No se trata ya simplemente de engañar para nublar el juicio de quienes nos escuchan, lo más eficaz es apelar a sus sentimientos y emociones, excitar sus pasiones, hacerles tomar parte por unos o por otros, para que se sitúen voluntariamente, como lamenta Tesich, en el bando que interesa al demagogo de turno.

Llegados a este punto, si miramos a nuestro alrededor, podremos escuchar con claridad los bramidos que nos lanzan unos y otros, cantos de sirena donde no importa lo que se dice, sino como se expresa, sea o no cierto, sea o no contradictorio con cualquier postulado que hayan defendido 10 minutos antes. Se puede usar un mismo hecho para defender una postura y su contraria y, para lo que dicen, daría igual que hablaran en arameo o en swahili, mientras transmitan emociones y consigan suficientes partidarios que les sigan.

No hay verdadero debate, no se argumenta, no se defienden principios, es más, para tener éxito en este empeño hay que renunciar a los principios, las razones o las convicciones, hay que dejar de escuchar para simplemente oír, llevando al extremo el estúpido aforismo que reza “tiene razón, pero le pierden las formas”.

Mentir si lo hace uno, se convierte de modo natural en un cambio de opinión, si lo hace el otro, en crimen de lesa humanidad, y seguro que, a estas alturas, cada cual tiene ya en su cabeza el nombre de alguna persona, ¿tal vez algún político?, al que le puede ir bien el traje que he venido cortando, pero no nos emocionemos, este es un traje Prêt-à-porter que sienta a muchos como un guante, por más que realmente vayan tan desnudos como el emperador del cuento de Hans Christian Andersen.

El arte del dominio de la falacia, de la verdad a medias, el dominio del uso de frases engañosas que incluyen algún elemento de verdad para hacerlas creíbles parece requisito necesario para tener éxito en política, quizá el único ámbito en el que inexplicablemente mentir se perdona y hasta se premia.

¿Es la mentira siempre reprobable? No necesariamente, Teller, uno de los magos del conocidísimo dúo Penn & Teller, afirmó en una entrevista que “cuando un mago permite que usted vea algo con sus propios ojos, es imposible no creer en su mentira”. Esta es la única mentira tolerable porque, aunque el mago nos engañe, no engaña a nadie al afirmar que eso es lo que hará. Si el mago es invisible, entonces la mentira vuelve a ser peligrosa.

¡Qué difícil! ¿No es cierto? Distinguir la realidad de la fantasía, lo verdadero de lo falso, elegir cuándo conviene obviar los hechos o cuando decir lo que se cree, lo que se piensa… Porque muchas veces, evitar la verdad, mentir, o simplemente callar, parece la opción más factible.

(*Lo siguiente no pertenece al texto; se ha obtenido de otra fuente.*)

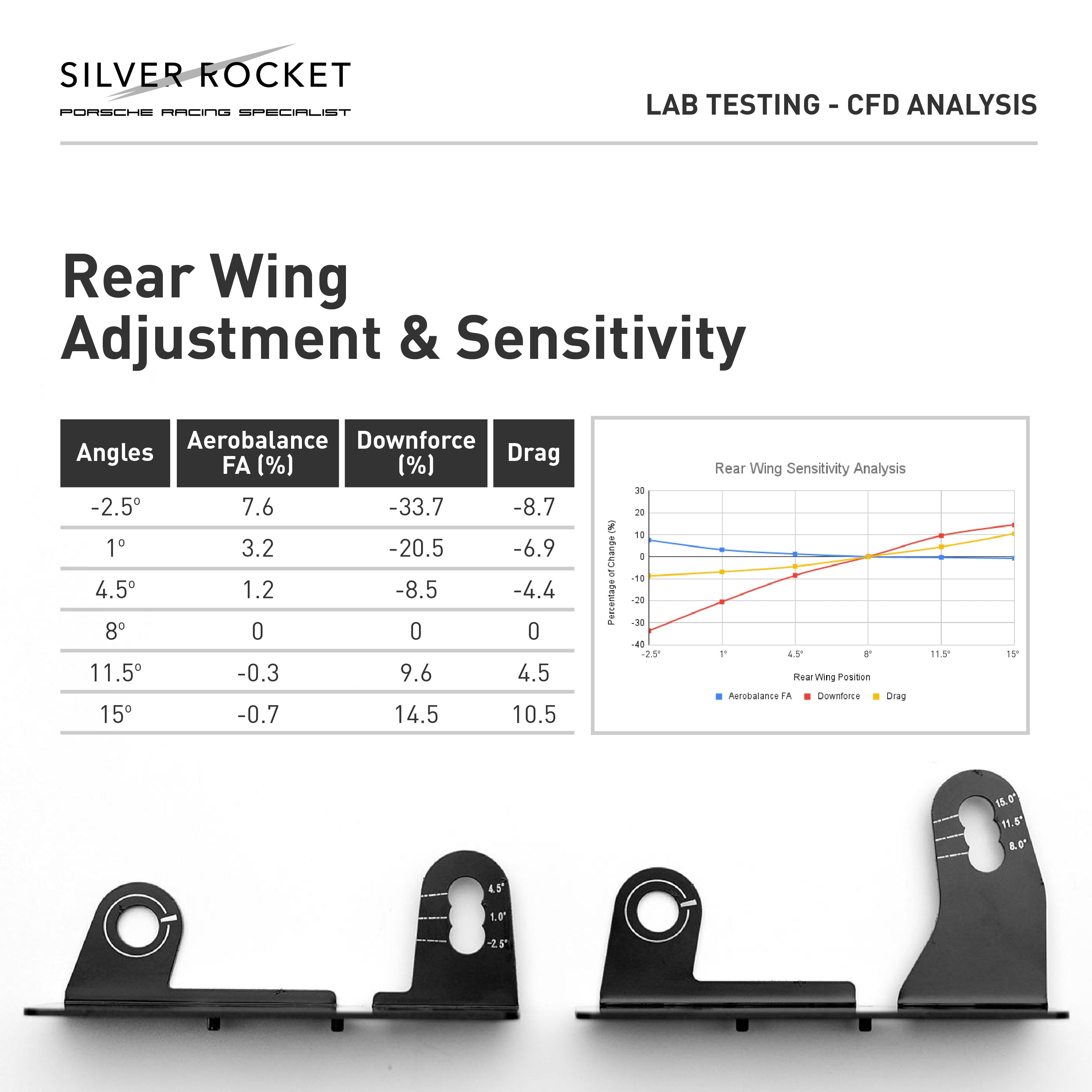 The SilverRocket DRS-1 Flex-Carbon Swan Neck Wing went through comprehensive CFD analysis with exceptional modeling conducted by expert engineer. Our real aero data shows that at 125mph and 15° AOA, the SilverRocket Clubsport rear wing provides a whooping 472 lbs of downforce, which is 170 lbs more than the stock GT4 RS rear wing.

Diferenciar lo real de lo inventado, distinguir lo cierto de un testimonio oral, escrito o gráfico se antoja tarea imposible en un mundo en el que la tecnología ha perfeccionado el arte de la falsificación y pone en manos de cualquiera una gran cantidad de herramientas para difundir la mentira, haciendo casi imposible estar seguros de nada y eso nos convierte en víctimas aturdidas, propensas a la manipulación.

¿Cuál es la vacuna, qué podemos hacer? Pues lo que está Ud. haciendo, si ha llegado hasta aquí, leer, no a mí, a Lewis, a Chesterton, a Cervantes, a Mary Shelley, a Agatha Christie, a Emilia Pardo Bazán o a quien más le guste, leer periódicos más allá del titular, leer diferentes opiniones… Y después de leer dudar y hacerse preguntas. Nada inmuniza más contra el engaño que cuestionarse lo que nos dicen, porque, como la mentira, la verdad también está a nuestro alcance y, aunque pueda parecer oculta, brilla más que la falsedad, sólo hay que esforzarse un poco en buscarla.